§ **RECORDED INFORMATION**

§ §

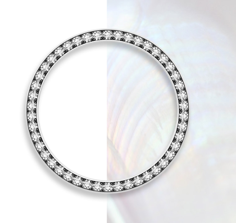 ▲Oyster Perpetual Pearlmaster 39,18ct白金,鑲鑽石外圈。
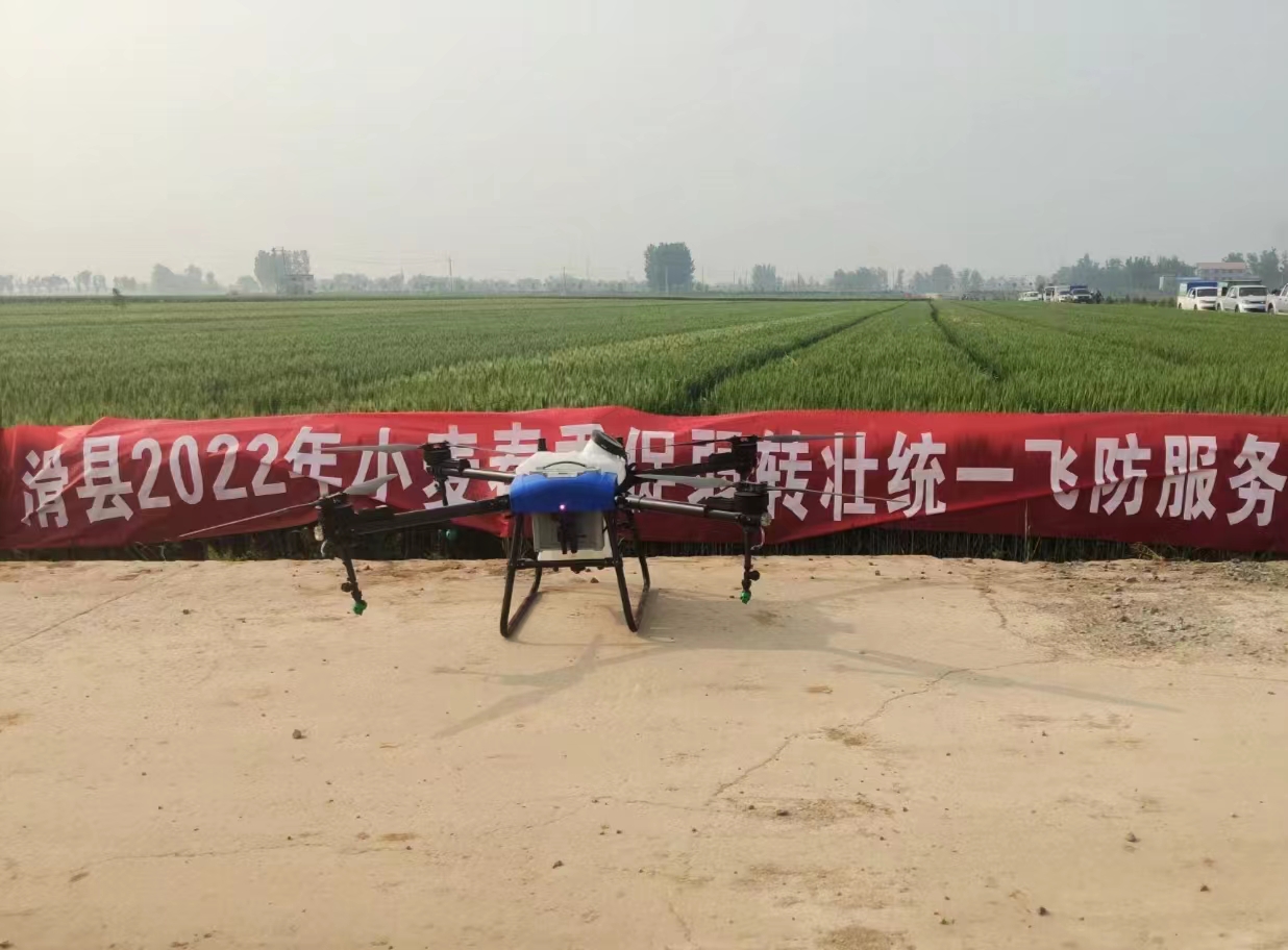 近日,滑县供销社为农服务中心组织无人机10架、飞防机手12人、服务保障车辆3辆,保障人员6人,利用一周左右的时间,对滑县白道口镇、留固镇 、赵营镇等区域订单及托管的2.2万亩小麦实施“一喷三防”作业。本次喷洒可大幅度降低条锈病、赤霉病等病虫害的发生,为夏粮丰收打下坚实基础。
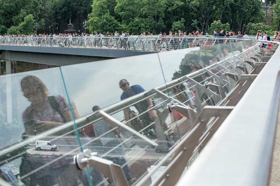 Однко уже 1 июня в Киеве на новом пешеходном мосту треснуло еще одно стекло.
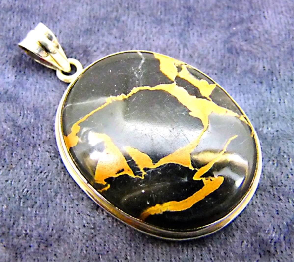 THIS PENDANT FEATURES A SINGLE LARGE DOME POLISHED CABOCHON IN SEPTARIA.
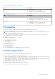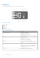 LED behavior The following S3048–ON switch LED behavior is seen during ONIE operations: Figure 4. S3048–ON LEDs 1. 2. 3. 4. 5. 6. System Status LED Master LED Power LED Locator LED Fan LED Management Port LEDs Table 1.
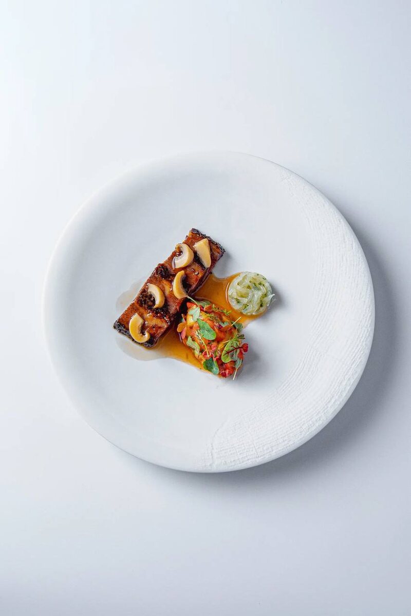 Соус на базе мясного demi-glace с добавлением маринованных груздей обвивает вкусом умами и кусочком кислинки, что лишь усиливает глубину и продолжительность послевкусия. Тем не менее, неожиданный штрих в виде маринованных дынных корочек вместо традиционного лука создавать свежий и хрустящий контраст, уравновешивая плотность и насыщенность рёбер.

§ §

§ **EXERCISE INSTRUCTIONS**
Word for word, restate the lines from the line containing "THIS PENDANT FEATURES" through the end of the data, including the first and last of them. Pictures stay out.

§ **TASK ANSWER**
 THIS PENDANT FEATURES A SINGLE LARGE DOME POLISHED CABOCHON IN SEPTARIA.
 LED behavior The following S3048–ON switch LED behavior is seen during ONIE operations: Figure 4. S3048–ON LEDs 1. 2. 3. 4. 5. 6. System Status LED Master LED Power LED Locator LED Fan LED Management Port LEDs Table 1.
 Соус на базе мясного demi-glace с добавлением маринованных груздей обвивает вкусом умами и кусочком кислинки, что лишь усиливает глубину и продолжительность послевкусия. Тем не менее, неожиданный штрих в виде маринованных дынных корочек вместо традиционного лука создавать свежий и хрустящий контраст, уравновешивая плотность и насыщенность рёбер.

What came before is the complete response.